After this, and of course giving the band appreesh because seriously, were the flatcaps going to cheer for a doom band?, I went back over to the main building and commenced waiting through bands I didn't like in order to see bands I did.

Whitechapel [4/7]
This band, like perhaps too many on this bill, was solid in their execution but actively tiresome to listen to. In the balance, this was pretty average deathcore, but not quite the Whitebeltchapel implications that get tossed around a little too easily.

The Haunted [6/7]
In a sense, they were just going through the motions, probably exacerbated by the restricted set time. This was probably the least good of the times that I've seen the band, but it was still, as evinced, a cool performance; the rest of the band may be in drill-for-half-an-hour-and-go-drink mode, but I'm not sure Peter Dolving even comes with this setting. He was on his game as usual, anti-rockstar rockstar in full cry, and also rolled out a couple bizarre anecdotes of what it's like to be in a band with fans, and how the fans really do keep the bands going. Maybe kinda had to be there.

Autumn Burns Red [4.5/7]
Well, I guess if you can't get In Flames or Killswitch, these guys are next on the central casting list, like how Dolph Lundgren picks up the roles that Arnold tosses back to his agent with only the ejaculation "Schrott!" Moderately formulaic metalcore with melodic leads; if this band did not exist, this festival would spontaneously generate them.

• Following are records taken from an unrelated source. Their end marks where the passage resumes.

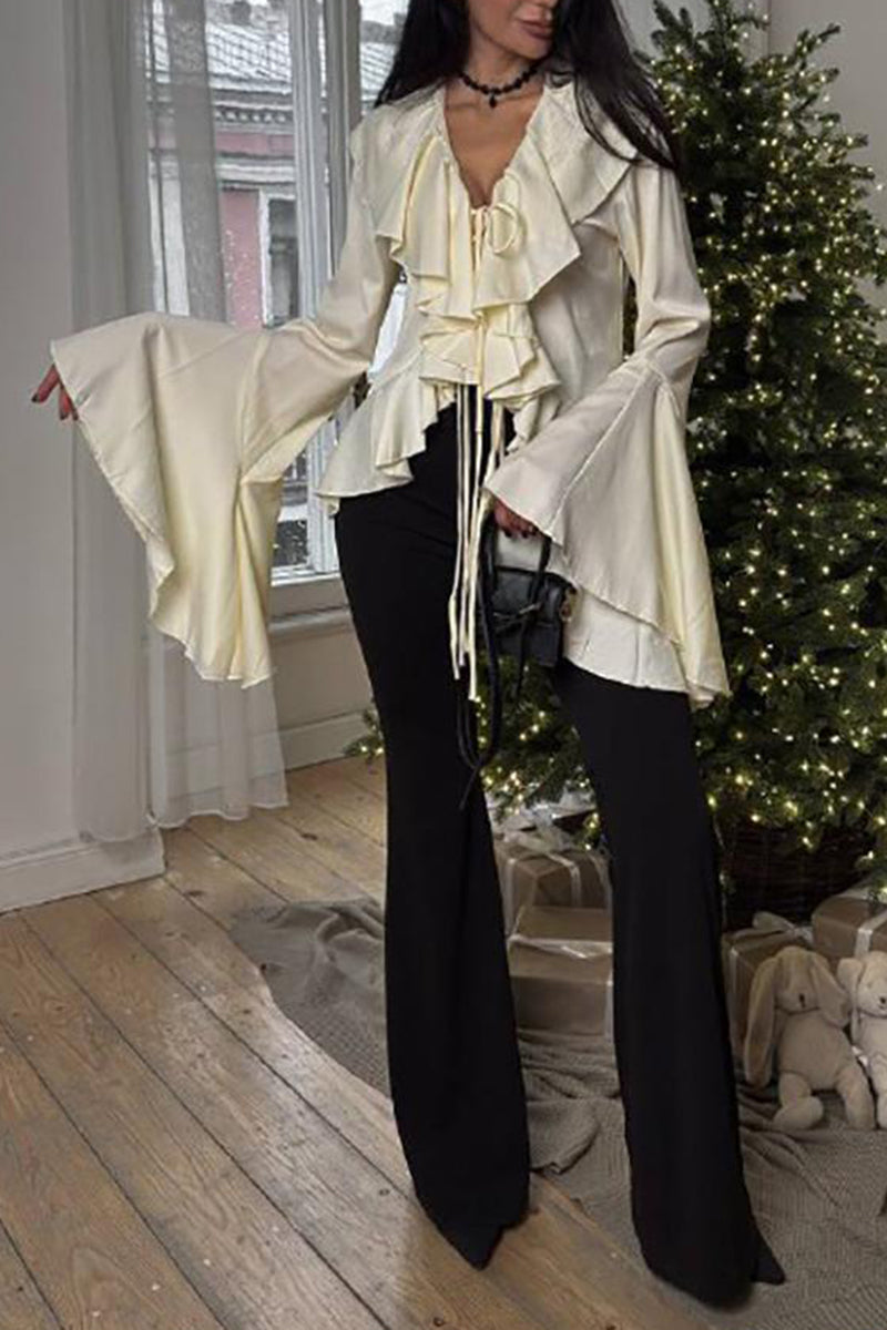 Your new standout blouse showcases dramatic ruffles and elegant bell sleeves. Elevates any outfit with its sophisticated charm, perfect for both day and evening wear.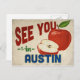 A charming Austin Texas vintage travel postcard featuring a lovely red apple, along with fun retro style text that says, "See you in Austin"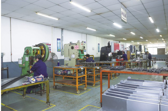 厂房面积8000m²,拥有10个焊工组、进口激光设备2台、数控折弯设备3台、自动抛光机、防护罩风琴生产线2条、静电喷涂线1条等齐全的防护罩生产设备。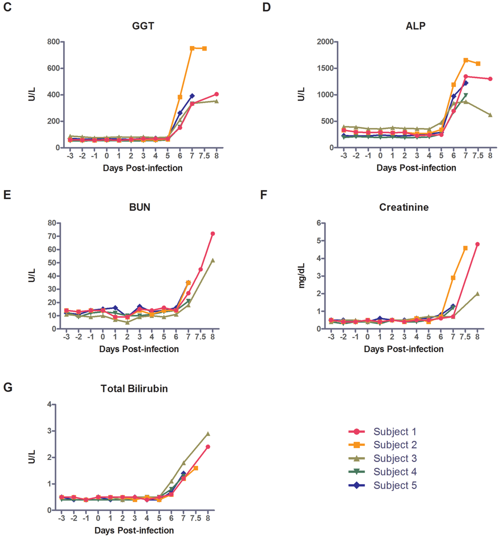 Analysis of blood gases using an iStat CG4+ cartridge revealed changes in pH, PCO2, and lactate, with first deviations from baseline noted on PID 7 (Figure S9). Increasing levels of lactate were associated with decrease in serum pH, consistent with a metabolic acidosis, which was most marked in Subject 2. A concomitant decrease in PCO2 accompanied increasing respiratory rate, indicative of the normal physiology compensatory mechanism to maintain acid-base homeostasis. Interestingly, other blood gas parameters including PO2, and HCO3 showed little or no deviation from baseline values (Figure S9).

OK, that's not super fair. However, the preponderance of metalcore-nach-deathcore-nach-metalcore on this bill had me seriously questioning, at several points, why I keep coming. I don't mind, and often dig, the actual hardcore bands when they bother to book them, and as a metalhead would prefer a hella lot more real metal, but this puree of genres is something, at least for me, to endure rather than get up for.

The Acacia Strain [5/7]
Gloriously content-free as always, and though they seemed pinched for time, Vincent still got off a few good bon mots. There is nothing to this band but breakdowns, but even at that, they've got some damned good breakdowns.

Napalm Death [6.5/7]
There's an upside to short songs in a setting like this, obviously, as you can pack more of them into the requisite shitty setlength. The smashed though a strong set of both old and new material (not much from the experimental middle period before Nasum held their feet to the fire again), and "Nazi Punks Fuck Off" sounded just about the best I've heard it. Good all around.

Suffocation [6.5/7]
Despite the shorter time, this was a filled-out as well as balls-out set, which saw Frank in a seriously wacky mood ranting between songs, and a fair slice of new material. It sounded, surprise surprise, a lot like a lot of other Suffocation, but just as finished and crushing as the rest of the performance. The new record's not going to be some kind of breakout, but if you dig Suffocation or just love death metal, it'll definitely be worth a spin.